Ottawa City Councillor
- In office 2001–2003
- Preceded by: Jim Bickford
- Succeeded by: Maria McRae
- Constituency: River Ward

Ottawa-Carleton Regional Councillor
- In office 1994–2000
- Preceded by: George Brown
- Succeeded by: position abolished
- Constituency: River Ward

Personal details
- Born: 1952 (age 73–74) Ottawa
- Spouse: Ron Stewart (m. 1975)
- Children: 2

= Wendy Stewart =

Wendy Stewart (née Thomas; born c. 1952) is a former Ottawa City Councillor and Ottawa-Carleton Regional Councillor. While on council, she was described as being a fiscal conservative.

Stewart was born in Ottawa, and attended South Carleton High School while living in Hazeldean, Ontario, now a suburb of Ottawa. While a student at South Carleton, she was crowned "Miss Ottawa Rough Rider" in 1970, as well as "Miss Sweetheart" at her school. During her term as Miss Ottawa Rough Rider, she endorsed Howard Henry's candidacy for the Ontario Liberal Party nomination in the 1971 provincial election in Ottawa West. A month later, Stewart finished third in the "Miss Eastern Ontario" competition.

Stewart later became a commercial artist, and married Rough Riders professional football player Ron Stewart on Valentine's Day in 1975 in Barbados. The pair moved to Ottawa's Carleton Heights neighbourhood in 1980.

Stewart was first elected to the Ottawa-Carleton Regional Council in 1994, the first year the council was elected as a separate entity, representing River Ward.

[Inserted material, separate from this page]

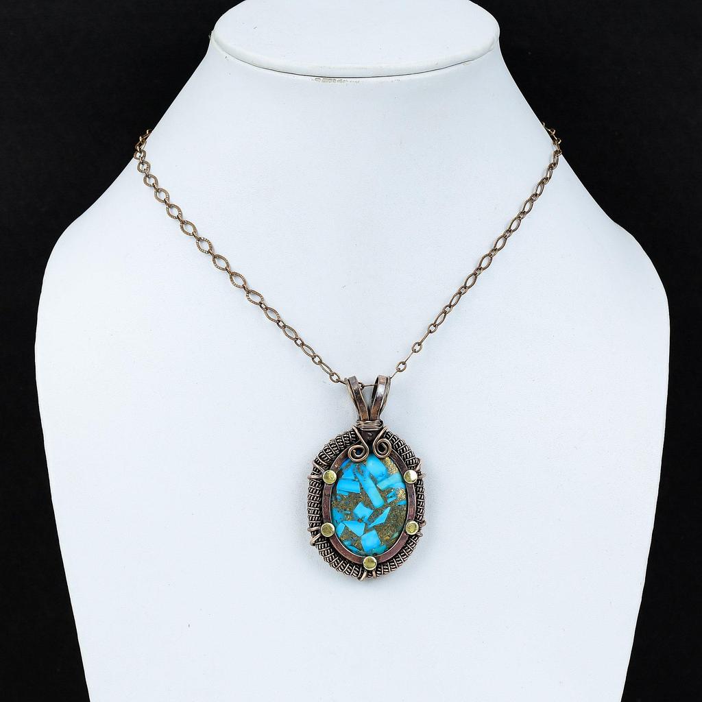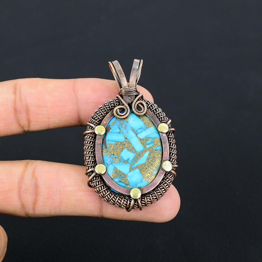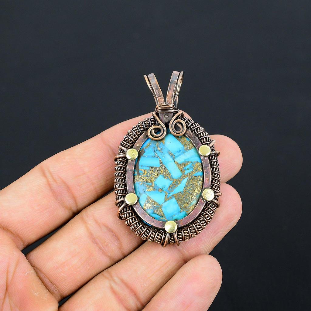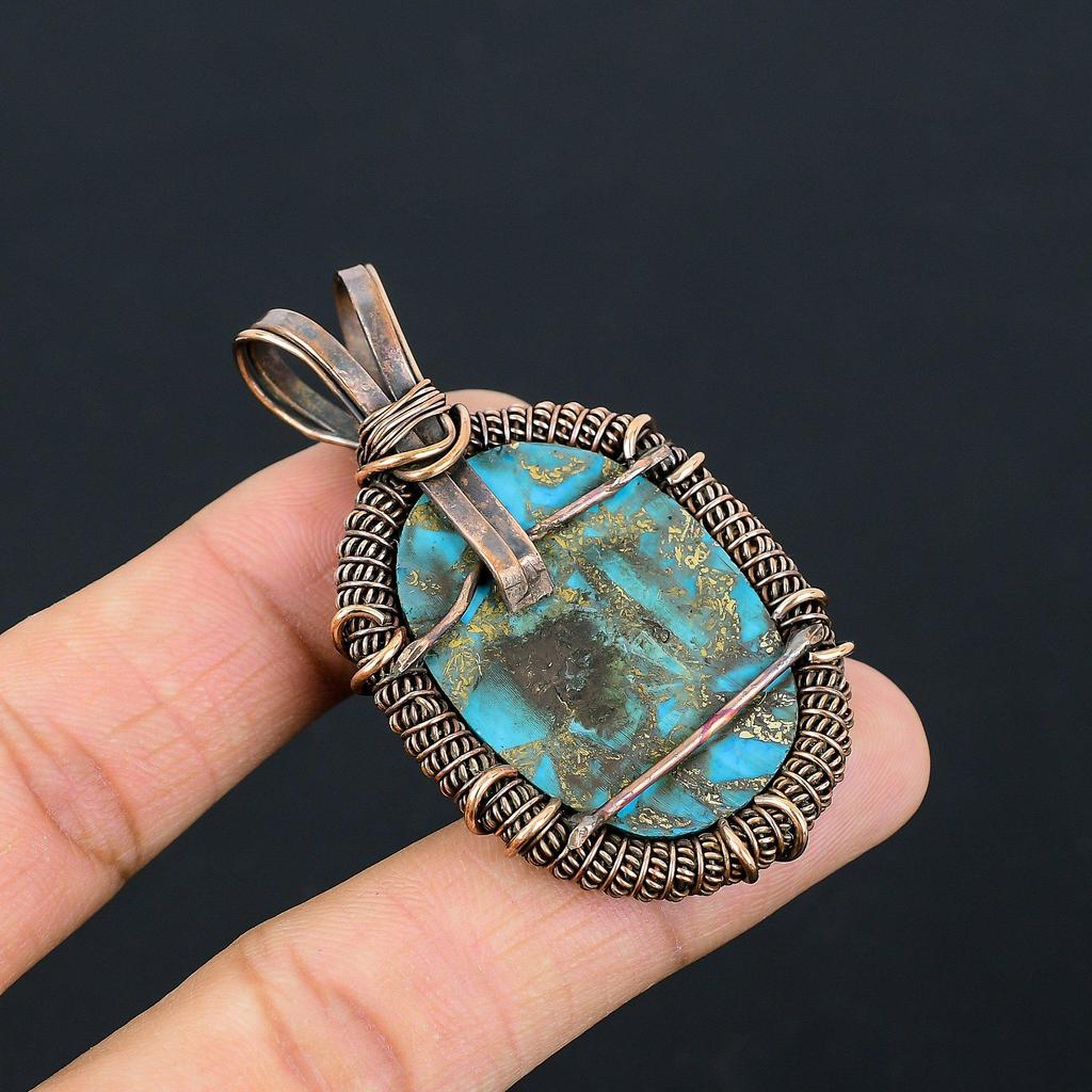 Медь, бирюзовый драгоценный камень, чистая медная проволока, обернутая подвеской ручной работы, ювелирные изделия

Stewart had previously been quite active in the community. She had served on the board of directors of the Carleton Heights and Area Residents Association, chaired the McGregor Easson Community School Council/Advisory Committee, she was involved with the community newspaper, she was a member of the Girl Guides of Canada for 10 years, including a 5-year term as District Commissioner, she was the chair of the Rideau Valley Conservation Authority, she represented the Eastern Region of Conservation Authorities on Provincial Association's Standing Committee on Communications, and she chaired the Volunteer Advisory Committee of the Sawmill Creek Watershed Study. Stewart ran on a platform of freezing taxes for three years, cutting some discretionary social services (including "sharply (reducing) funding for arts"), and protecting urban parks and greenway corridors. Stewart easily won the election with 7215 votes to her opponent, social worker Val Parkinson's 2797.

In her first term, Stewart served as vice president of the Association of Municipalities of Ontario, and was a members of its environment committee. On regional council, she sat on three committees. In the 1997 election she ran on a platform of holding the line on taxes and being an accountable representative. Stewart was easily re-elected over her opponent, tax agent Daryl Martin 6855 votes to 1093.

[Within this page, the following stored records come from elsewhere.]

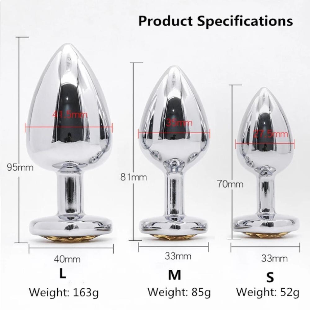 Paslanmaz Çelik Pembe Kalpli Mücevher Taşlı Pürüzsüz Silver Metal Anal Butt Plug, şık tasarımı ve sağlam yapısıyla anal keşiflerinize zarif bir dokunuş katacak özel bir üründür. Yüksek kaliteli paslanmaz çelik malzeme, uzun ömürlü, hijyenik ve dayanıklı kullanım sağlar. Ürünün ucundaki pembe kalp şeklindeki mücevher taşı, estetik açıdan hoş bir detay sunar ve anal oyunları daha keyifli hale getirir. Pürüzsüz silver metal yüzeyi, rahat bir kullanım deneyimi sunarken, kolayca temizlenebilir ve vücuda dosttur. Büyük boyutu, anal genişlemeyi ileri seviyeye taşımak isteyen kullanıcılar için mükemmel bir tercihtir.
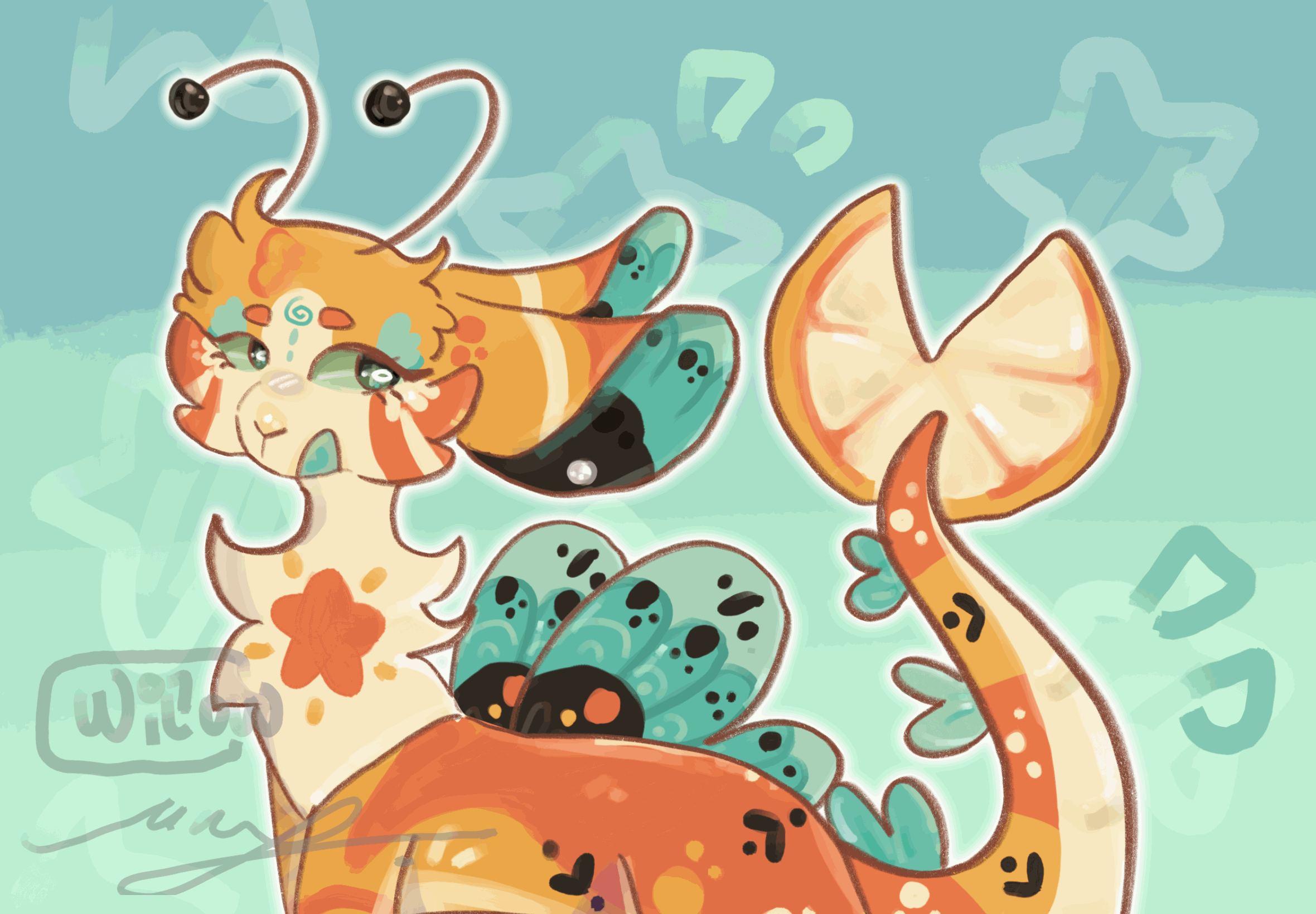 #af #artfight #cute #digitalart #dragon #fullbody #green #moth #orange #art #artfight2024 #eresse2009
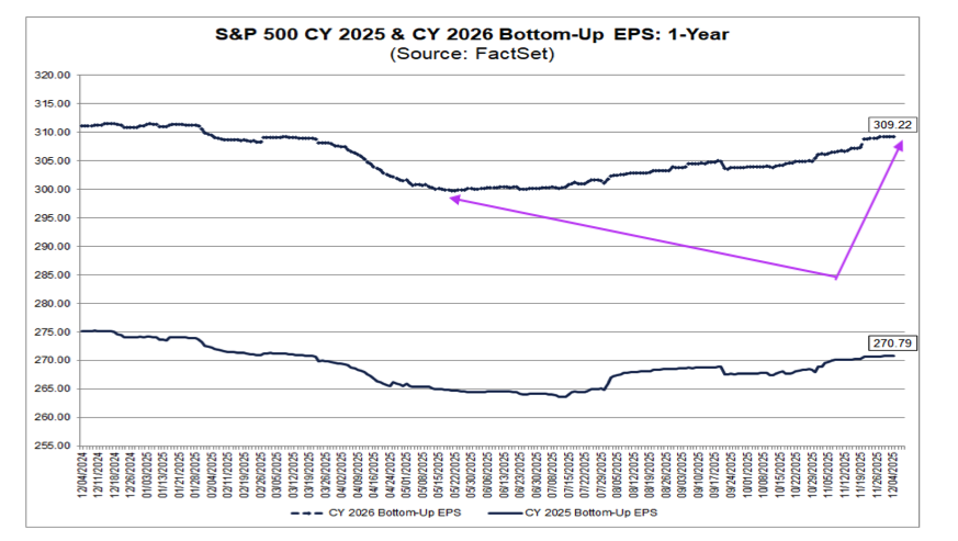 Typically, the economy, the strength of a company’s particular end market, company-specific positioning, pricing power, and input costs are key factors that influence revenue and EPS expectations. However, next year, corporations will be able to claim 100% bonus depreciation on qualifying property due to the passage of the "One Big Beautiful Bill Act" this year, which made the deduction permanent. The thinking is that while this would reduce net profit and table income, it should be a positive for cash flow that would help fund investment spending. It could also be used to foster larger stock buyback programs.
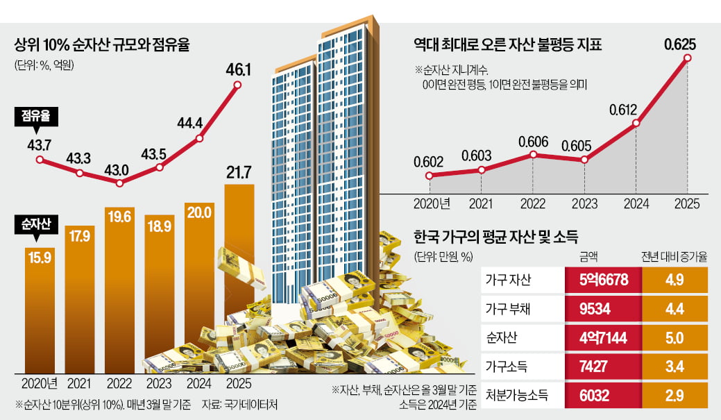 자산 빈부격차 역대 최대 ... 소득 양극화도 심화, 상위10% 순자산 22억 .. 9%↑ 하위 50% 점유율은 9% 불과 유᛫무주택자 간 격차 더 벌어져, 소득 지니계수 3년 만에 반등 청년 취업᛫민간소비 위축 여파
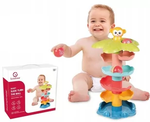 Kula zaczyna się toczyć, a oczy maluszka przez 6 sekund będą podążać za piłką obserwując jak ta szybko przemieszcza się na kolejne poziomy. Zgadnij, którym wyjściem wypadnie? : ) Zalety zabawki: Piłeczki grzechoczą kiedy spadają na niższe poziomy Na samej górze wieżyczki znajduje się małpka, która zwalnia blokadę Wszystkie elementy są rozkładane - dziecko może samodzielnie budować wieżę W zestawie są dołączone 2 kolorowe piłeczki Zestaw wykonany jest w żywej kolorystyce oraz elementów trwałych i bezpiecznych. Zachęca to dziecko do zabawy oraz stymuluje zmysły.
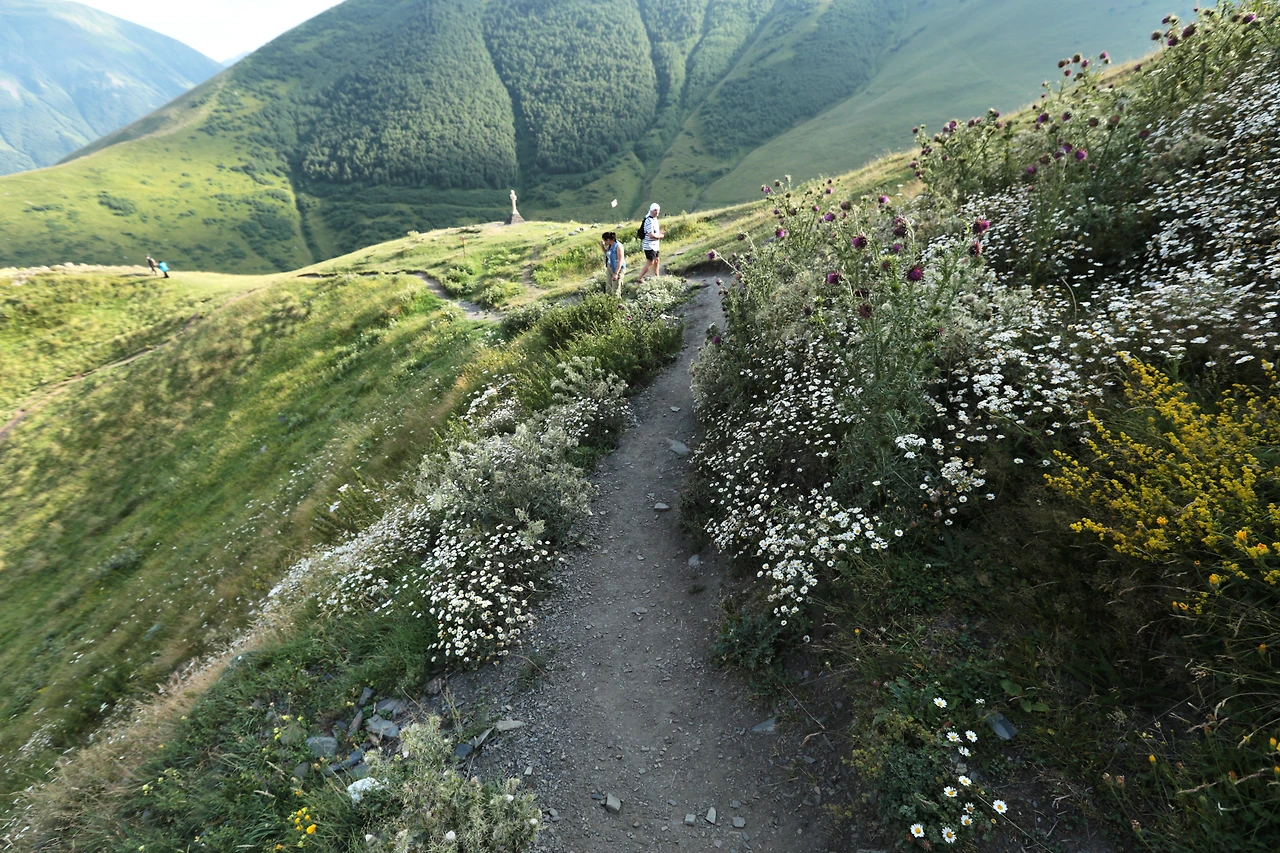 조지아사람들이 ‘쯔민다 사메바’로 부르는 게르게티 Gergeti Trinity Church교회에 오르는 길은 야생화로 가득하니 덩달아 행복하다. 해발 2,170m의 산 정상의 14세기에 지어진 담백한 교회 모습은 달리 뭐라 표현해야 할까, 그저 참하고 아름답다. 조지아사람들이 신성시한다는 이 교회는 전쟁이나 나라의 위기가 있을 때 교회의 중요한 보물들을 이 곳에 보관했다고 한다. 교회를 지나서 산악초원지대를 올라가면 2950m에 게르게티 빙하가 있다.

When the regional government was abolished, Stewart was elected to represent the same ward on Ottawa City Council in 2000. She ran on a platform of reducing municipal spending, treating more storm water, building an artificial wetland around the Trail Road landfill, and a new police centre in her ward. She was re-elected over day-care administrator Dave Hagerman 9687 votes to 2368.

In June 2003, Stewart announced she would not be running for re-election.

As of 2013, she is living in Westport, Ontario.